Opera using 360-degree sound to simulate expanding universe to premiere in Hobart - Pulse Tasmania
膨張する宇宙を360度サウンドで再現するオペラ、ホバートで初演へ - Pulse Tasmania
膨張する宇宙の音の中に観客を置くことを目指した新しいオペラが、今週、ホバートのシアター・ロイヤルでオーストラリア初演を迎える。
タスマニア出身のコンスタンティン・コウキアスが作曲した『VAST』は、ビーカー・ストリート・フェスティバルの一環として8月12日と13日に上演される。
1時間にわたるこの作品は、8つのスピーカーチャンネルを備えた360度空間オーディオシステムを使用し、コウキアスが「音で作られた観測所」と表現する空間へと劇場を変貌させる。
この作品は、宇宙が加速膨張しているというノーベル賞を受賞した発見に基づいている。この膨張は、宇宙の全エネルギーの約70%を占める力であるダークエネルギーによって引き起こされている。
現在アムステルダムに住むコウキアスは、サウンドデザイナーのウィレム・ファン・エルヴェン・ドレンスと共に3年かけてこの作品を制作した。
本作には、1990年に遡るコウキアスの過去のオペラやコンサート作品からサンプリングされた120以上の声と80の楽器演奏が組み込まれている。
「観客には宇宙の広大さの中に浮かんでいるように感じてほしい」とコウキアスは語った。
彼は、この作品が宇宙の絶え間ない加速膨張を反映し、全体を通して強さを増していく構成になっていると述べた。
「作品は終盤に向かってどんどん速く、より強烈になっていきます」と彼は語った。
コウキアスは、この作品を上演するためにホバートに戻ることは個人的に深い意味があると述べた。
「ここにいることは本当に特別です」と彼は語った。
オランダから初めてオーストラリアを訪れているソプラノ歌手のキャサリン・ダインは、リハーサル室でのコラボレーションが不可欠だったと語った。
「このようなオペラは、それを初めて作り上げる人々によって、何よりも形作られるのです」と彼女は述べた。
「リハーサル室では一種の魔法が起こります。」
ダインは、ライブ出演者を包み込む電子的なサウンドスケープが、「終わりのないもの、時間を超越したもの、言葉では言い表せないほど美しく、ほとんど理解不能な何か」という感覚を生み出していると語った。
このプロダクションには、テノール歌手のタイロン・ランドー、ピアニストのガブリエラ・スマート、タスマニアの音楽家であるジェニファー・オーウェンとヨラム・レヴィも出演する。
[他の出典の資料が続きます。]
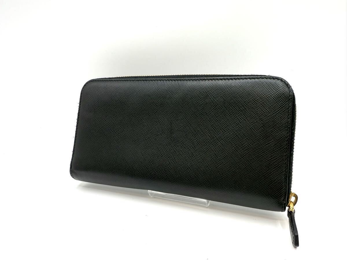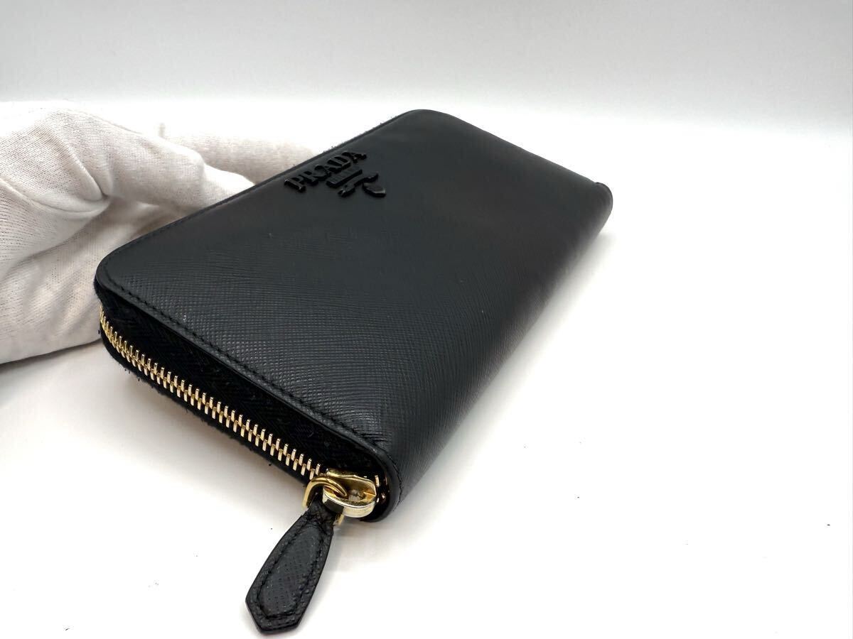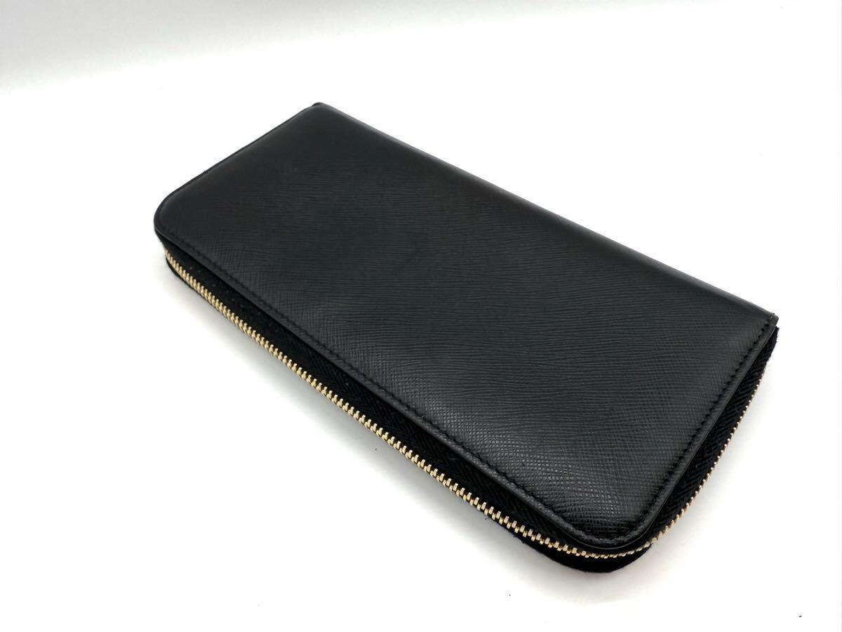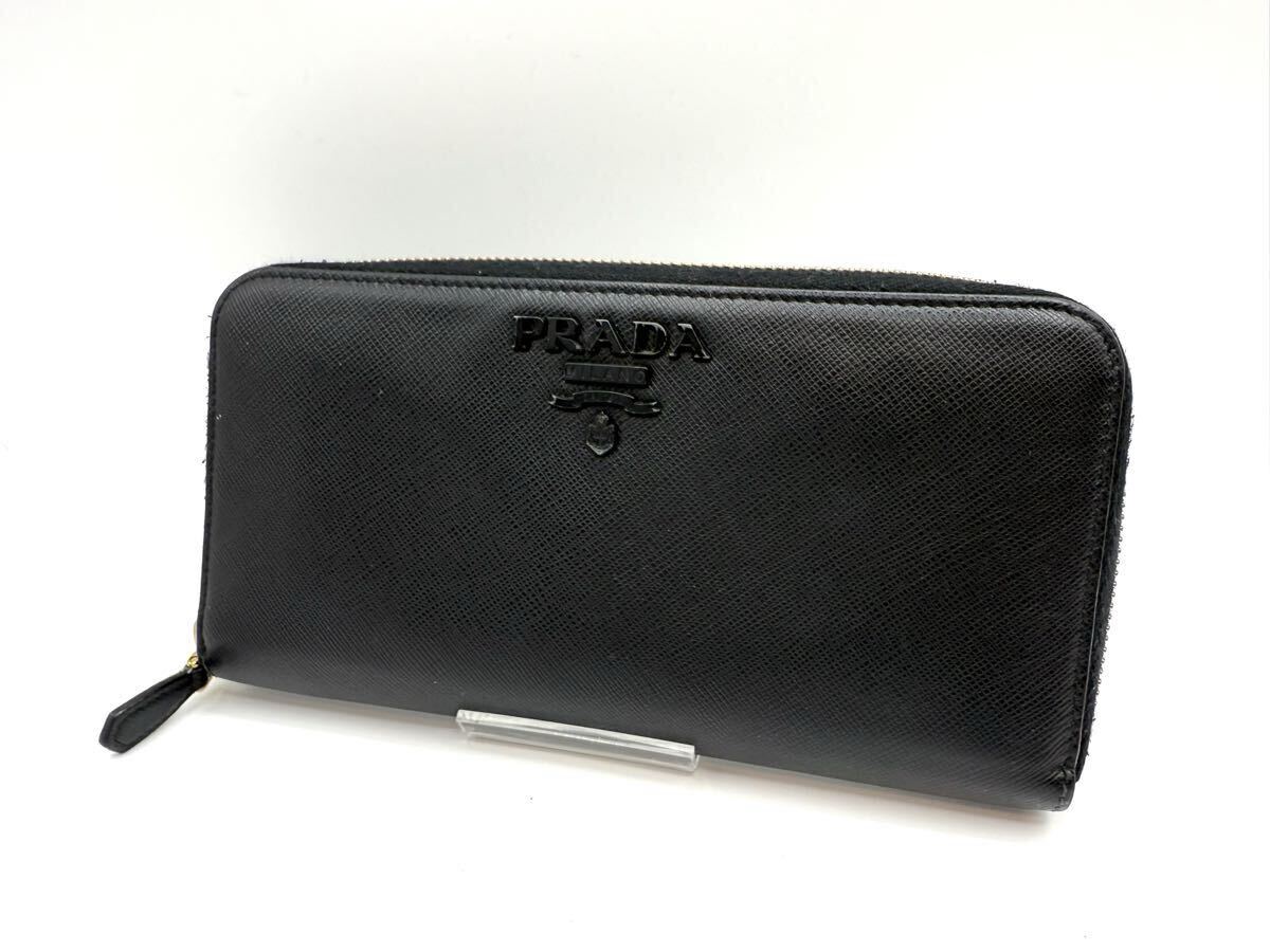 1128 極美品/近年モデル PRADA プラダ 長財布 ラウンドファスナー サフィアーノ ロゴ ブラック 黒 本革 レザー メンズ ビジネス 多収納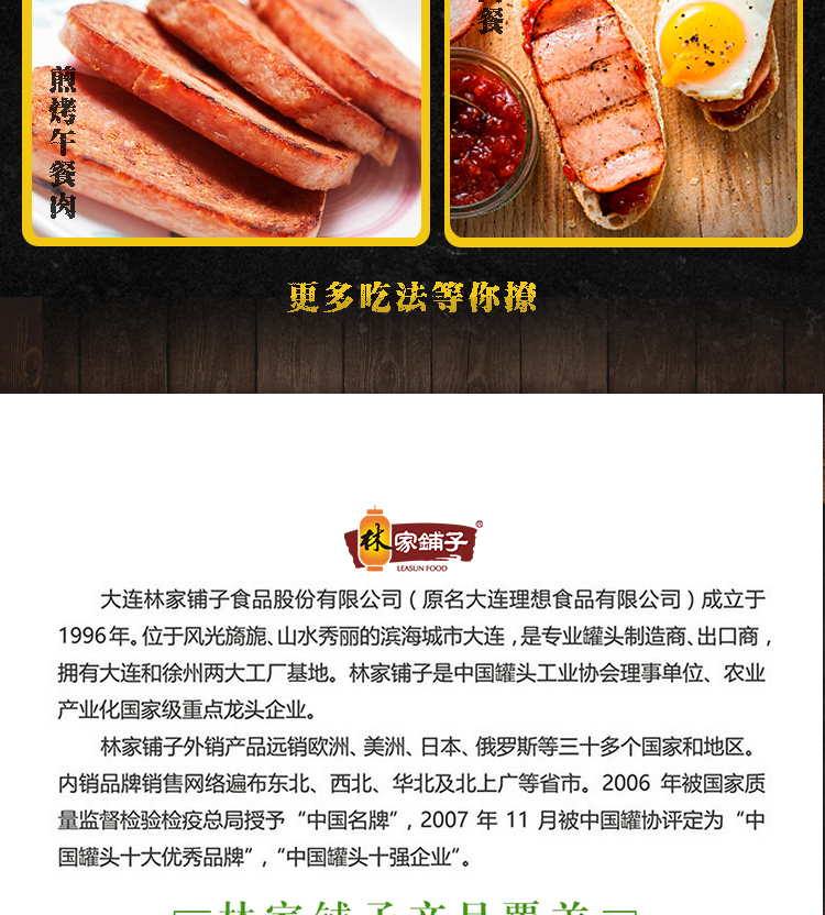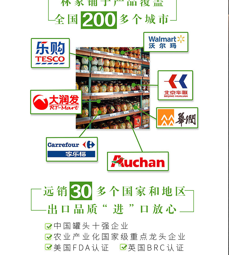 大连林家铺子食品远销欧洲美洲日本等30多个国家,是中国罐头十强企业,产品经过美国FDA认证,英国BRC认证,是可口可乐,沃尔玛,亨氏等著名食品企业的原料供应商,品牌和实力过硬。领券链接点此

ビーカー・ストリート・フェスティバルは、8月6日から17日まで開催されるタスマニアの科学と文化を祝う年次イベントである。
10周年を迎えるこのフェスティバルは、科学者、アーティスト、音楽家、シェフ、ストーリーテラーを一堂に集め、州全体で2週間にわたり、トーク、パフォーマンス、フィールドトリップ、ワークショップ、大規模な公開イベントを行う。
『VAST』のシアター・ロイヤルでのオーストラリア初演は、8月12日と13日の午後8時である。チケットはシアター・ロイヤルのウェブサイトで購入可能。